• _DIRECTIONS FOR THIS TASK_: Copy word for word the lines in the records below, starting at the line with "Oversized Fine Knit" and ending at the line with "キジトラハチワレ1匹 白×灰1匹 |". Skip the pictures.

• _DATA PROVIDED_:
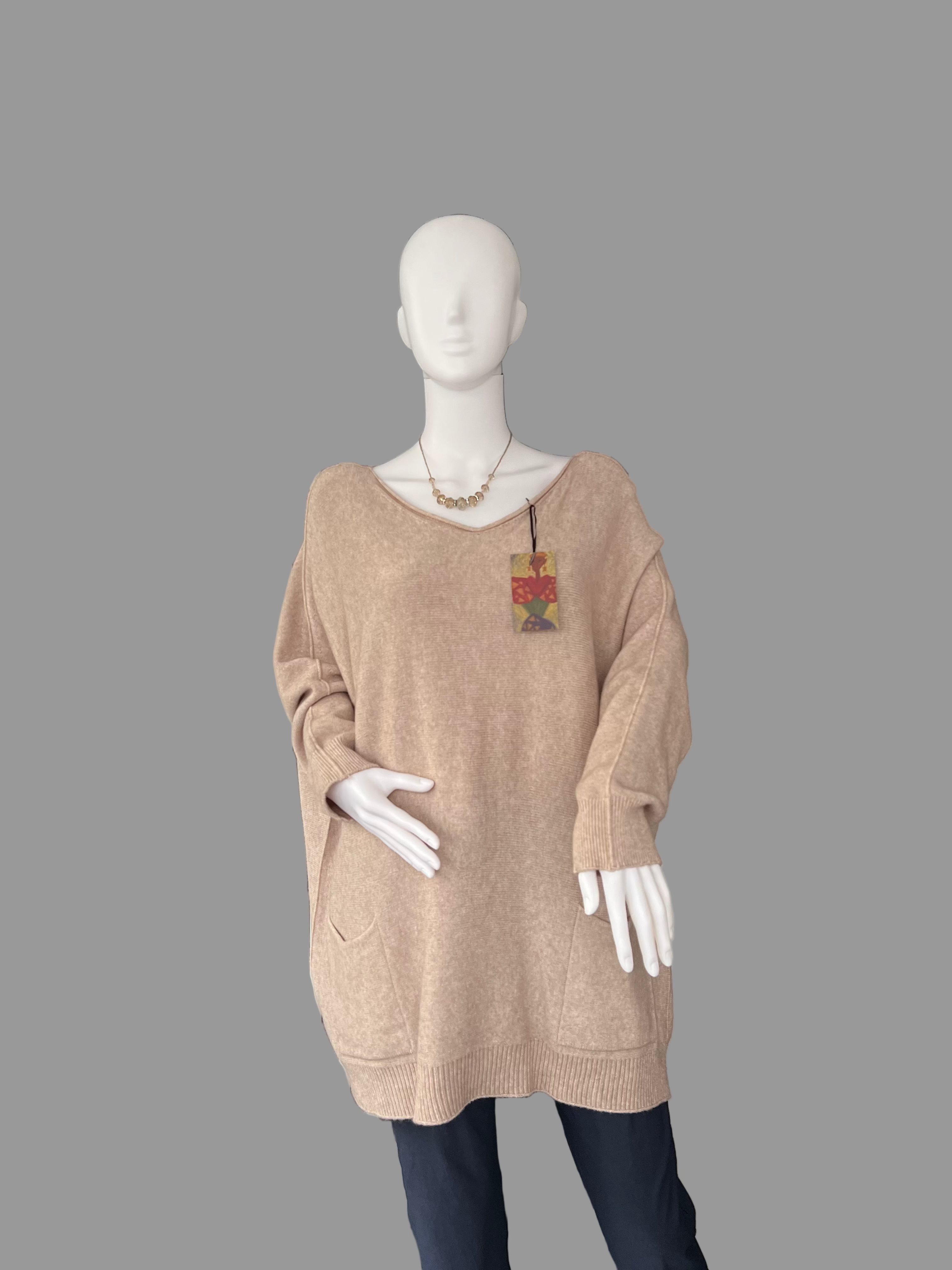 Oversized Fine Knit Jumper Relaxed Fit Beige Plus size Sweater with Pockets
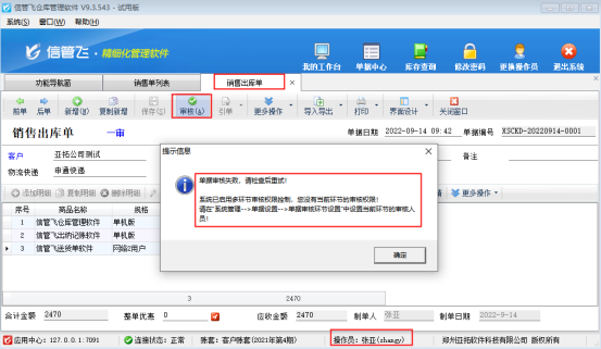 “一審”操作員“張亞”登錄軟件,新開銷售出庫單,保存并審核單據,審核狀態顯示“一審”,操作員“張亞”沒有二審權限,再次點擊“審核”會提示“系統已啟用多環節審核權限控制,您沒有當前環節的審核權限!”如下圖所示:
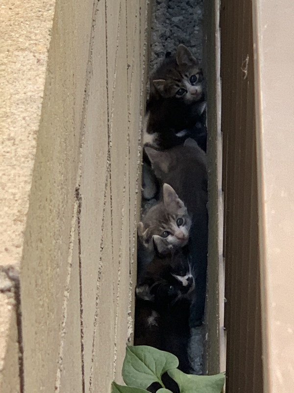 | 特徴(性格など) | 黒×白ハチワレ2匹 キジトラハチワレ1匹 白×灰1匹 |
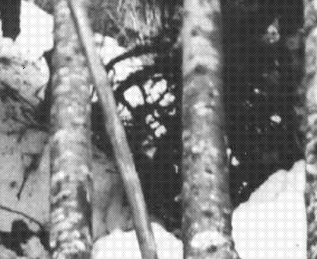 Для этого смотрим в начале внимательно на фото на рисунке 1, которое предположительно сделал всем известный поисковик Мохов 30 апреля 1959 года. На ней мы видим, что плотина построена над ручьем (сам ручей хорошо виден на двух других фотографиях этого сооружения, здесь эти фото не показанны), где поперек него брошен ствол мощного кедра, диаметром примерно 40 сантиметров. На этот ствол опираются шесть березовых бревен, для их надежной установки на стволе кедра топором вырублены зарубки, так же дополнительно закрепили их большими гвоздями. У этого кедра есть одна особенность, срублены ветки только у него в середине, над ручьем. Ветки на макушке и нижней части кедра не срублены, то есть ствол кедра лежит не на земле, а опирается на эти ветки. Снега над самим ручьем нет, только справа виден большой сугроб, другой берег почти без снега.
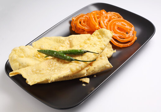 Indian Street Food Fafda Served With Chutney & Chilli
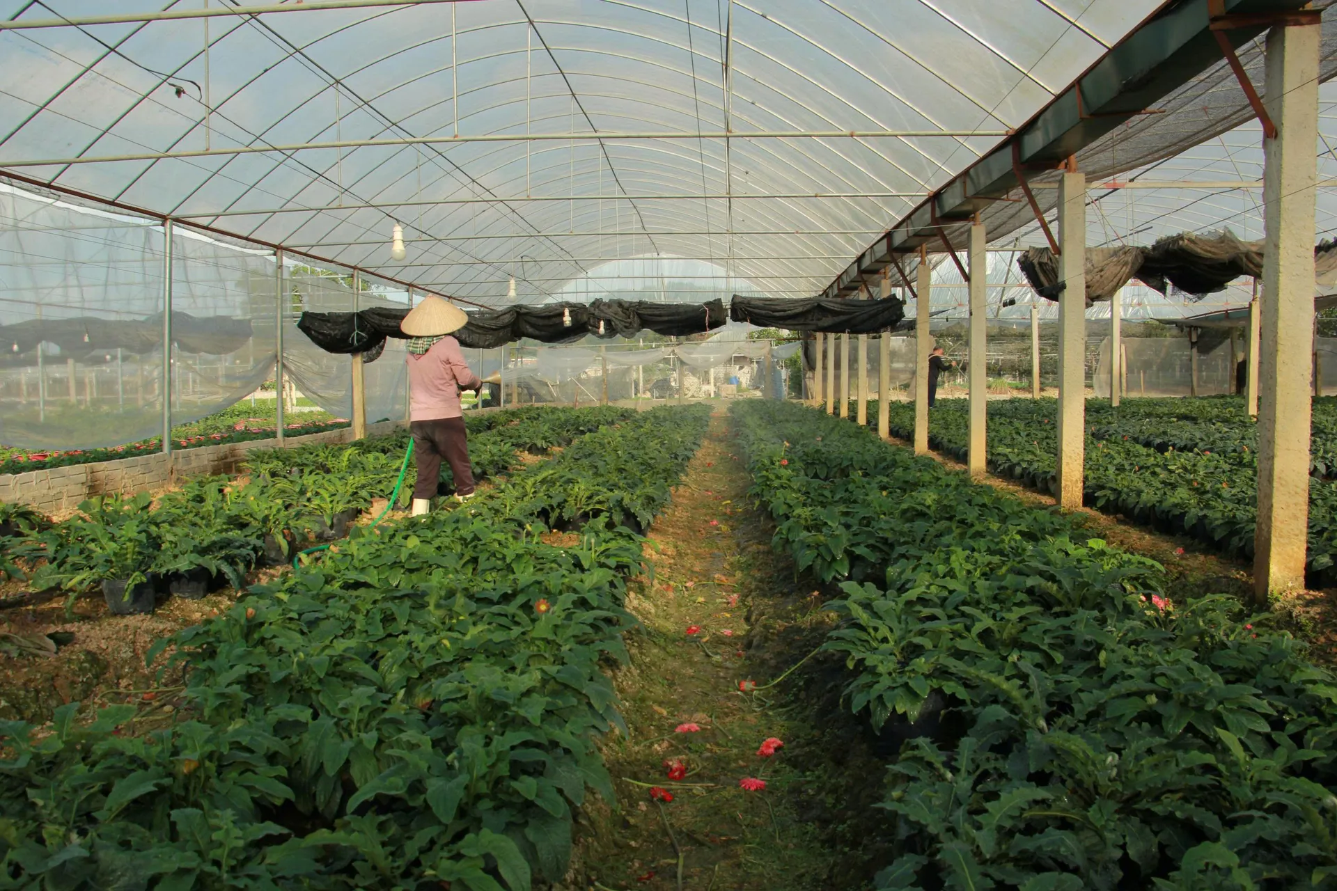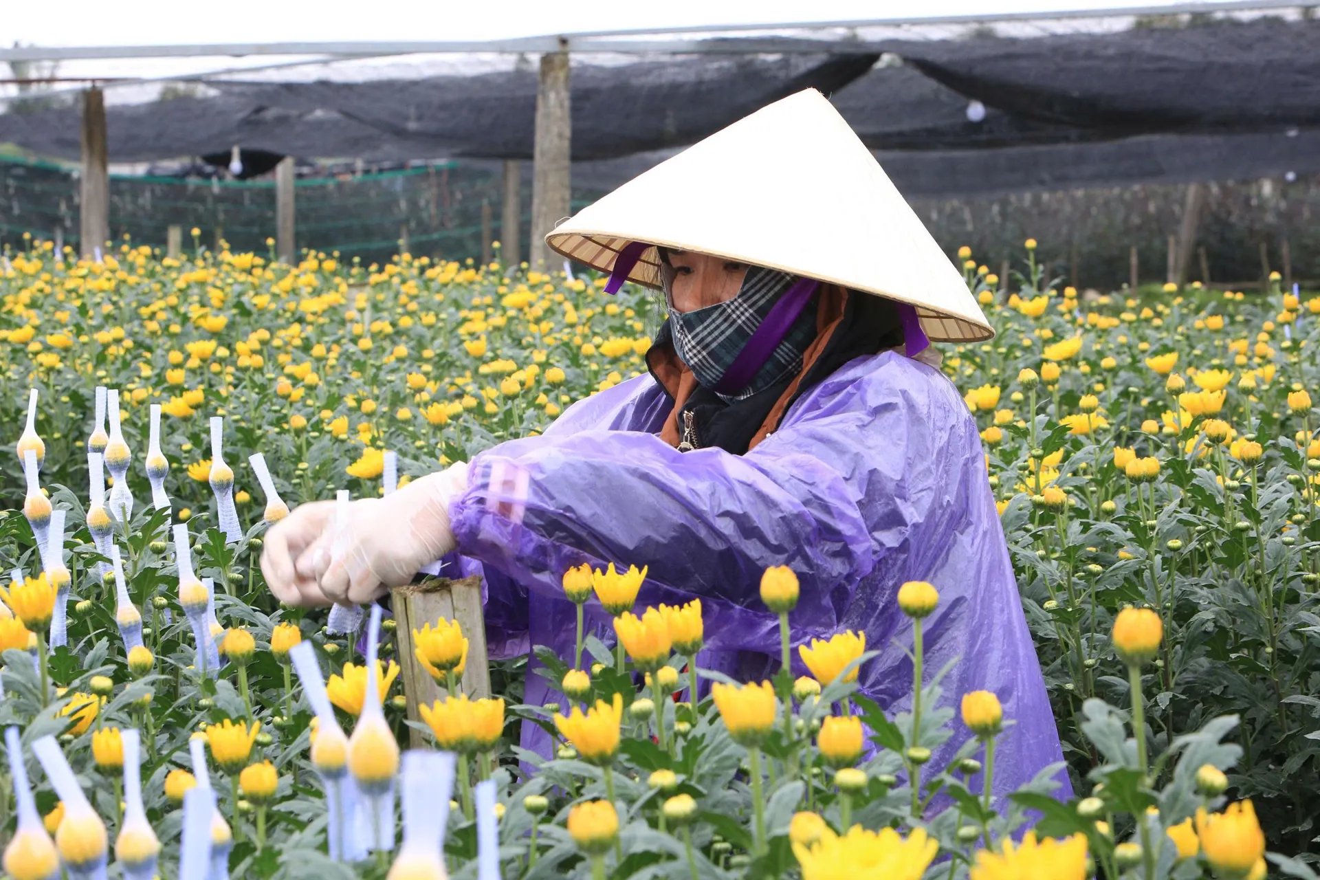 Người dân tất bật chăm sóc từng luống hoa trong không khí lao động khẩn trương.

...

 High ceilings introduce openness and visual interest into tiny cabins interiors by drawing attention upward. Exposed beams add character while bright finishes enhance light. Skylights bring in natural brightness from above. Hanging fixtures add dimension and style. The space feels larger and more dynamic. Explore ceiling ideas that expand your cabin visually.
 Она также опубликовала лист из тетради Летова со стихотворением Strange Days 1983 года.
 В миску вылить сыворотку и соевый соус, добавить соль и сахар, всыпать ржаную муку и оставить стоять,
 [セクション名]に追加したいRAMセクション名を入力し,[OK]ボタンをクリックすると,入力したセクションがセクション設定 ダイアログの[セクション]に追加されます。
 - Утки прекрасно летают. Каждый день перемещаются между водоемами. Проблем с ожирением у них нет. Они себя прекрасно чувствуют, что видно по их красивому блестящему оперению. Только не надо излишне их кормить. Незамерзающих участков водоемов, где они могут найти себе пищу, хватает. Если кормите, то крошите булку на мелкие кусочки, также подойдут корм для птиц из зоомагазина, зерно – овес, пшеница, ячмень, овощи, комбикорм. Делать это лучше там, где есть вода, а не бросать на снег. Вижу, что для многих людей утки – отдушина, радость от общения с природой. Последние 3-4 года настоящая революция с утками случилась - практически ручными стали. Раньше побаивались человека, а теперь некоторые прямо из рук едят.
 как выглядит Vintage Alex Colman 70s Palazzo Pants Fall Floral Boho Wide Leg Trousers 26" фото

• _REPLY TO THE TASK_:
 Oversized Fine Knit Jumper Relaxed Fit Beige Plus size Sweater with Pockets
 “一審”操作員“張亞”登錄軟件,新開銷售出庫單,保存并審核單據,審核狀態顯示“一審”,操作員“張亞”沒有二審權限,再次點擊“審核”會提示“系統已啟用多環節審核權限控制,您沒有當前環節的審核權限!”如下圖所示:
 | 特徴(性格など) | 黒×白ハチワレ2匹 キジトラハチワレ1匹 白×灰1匹 |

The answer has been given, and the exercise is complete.